Michael Winner, director of** Death Wish**, producer, and of late, Sunday Times food critic, has died. He was 77.
Born in Hampstead in 1935, Winner cut his teeth as a journalist, working as a cub reporter on the Kensington Post, Showgirl Glamour Revue and the NME, before scoring a job as assistant director making BBC television programmes.
By the early '60s he'd made a name for himself as a director. Shoot To Kill, a thriller about a showbiz reporter that had shades of autobiography about it, marked his feature debut. But it was his collaboration with Oliver Reed, beginning with** The Jokers** in 1964 and continuing with I'll Never Forget What'sisname and Hannibal Brooks, that gave his career a timely boost.
He was best known as a filmmaker for 1974's tough-guy thriller Death Wish. In it, Charles Bronson played Paul Kersey, a vigilante whose violent quest to avenge the murder of his wife was set against a bleak and brooding New York cityscape. The film was a box-office smash and launched a Death-franchise that never quite matched the appeal - or controversy - of the original, or their 1972 thriller The Mechanic.

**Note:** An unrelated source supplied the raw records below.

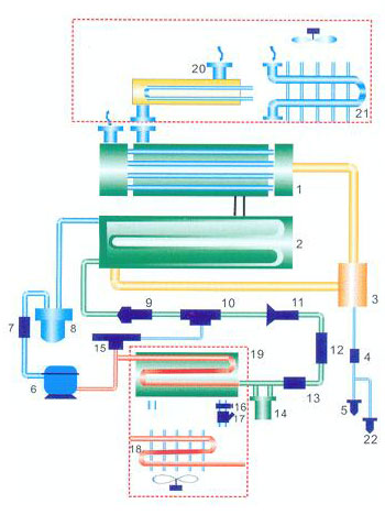 1、空氣熱交換器 2、蒸發器 3、氣液分離器 4、排水防堵過濾器 5、手動排污閥 6、制冷壓縮機 7、吸氣過濾器 8、汽化器 9、分液器 10、氣液混合器 11、熱力膨脹閥 12、視鏡 13、干燥過濾器 14、儲液器 15、熱氣旁通閥 16、水量調節閥 17、水質過濾器 18、冷凝器(風冷) 19、冷凝器(水冷) 20、前置預冷器(水冷) 21、前置預冷器(風冷) 22、自動排水器 |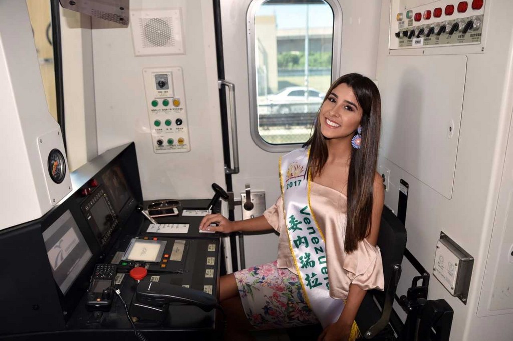 參加全球旅遊皇后選拔的46國佳麗,12日來到桃園捷運公司參觀,桃捷特別安排各國佳麗參觀電聯車及行控中心,佳麗們對此次難得的參訪經驗留下深刻的印象,並盛讚機場捷運是機場聯外交通運具的第一首選。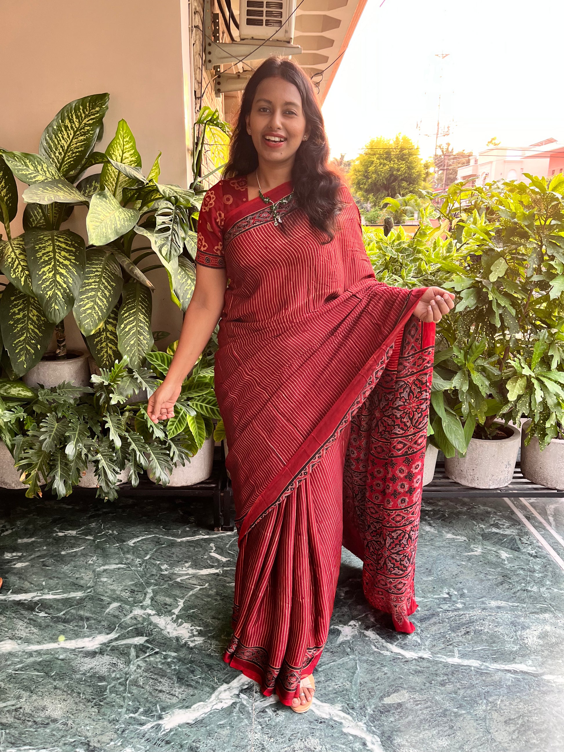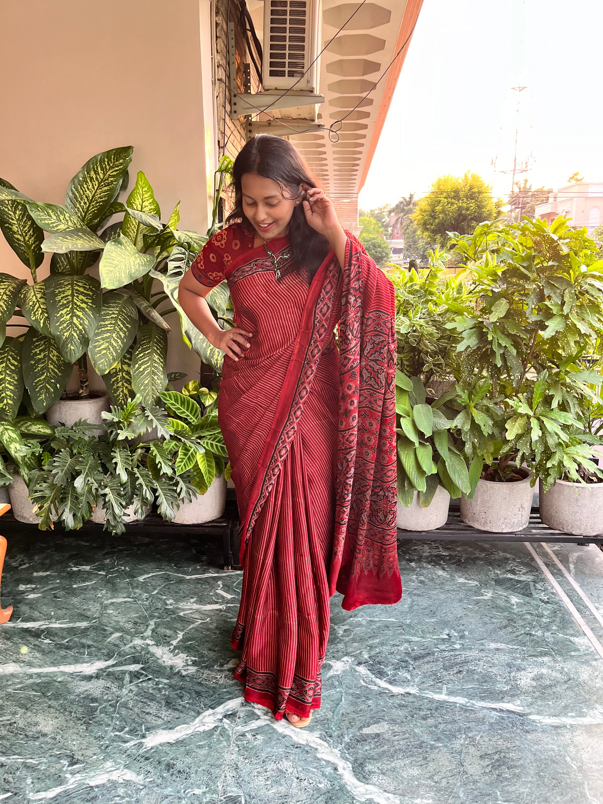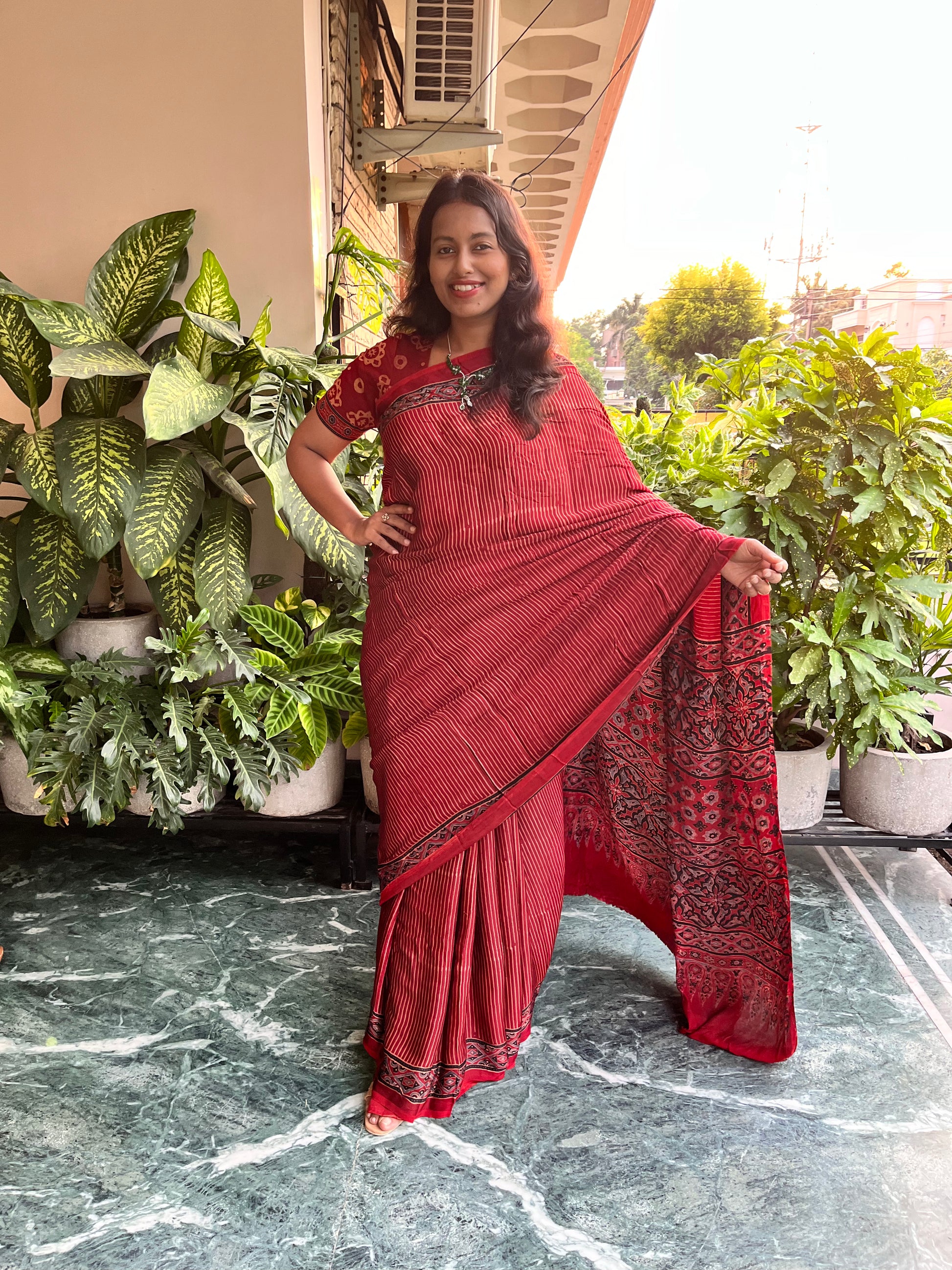 Lal Dhaari Ajrakh Hand Block Natural Dye Modal Silk Saree With Blouse

1998's comedy-thriller Parting Shots proved to be his last movie, with Winner turning hand back to journalism and writing often brutal, usually entertaining restaurant criticism for The Sunday Times, occasionally also popping up in insurance ads to cheer up haggard motorists.
"I’ve had an incredible life," an ailing Winner reflected last year. "Brando was my best friend, Mitchum, Burt Lancaster, even though he tried to kill me three times... I can look back and say I have lived a life that very few people alive have lived. I have done 40 major movies with the biggest stars in the world.”
His wife Geraldine, who survives him, issued a statement describing him as "a wonderful man, brilliant, funny and generous".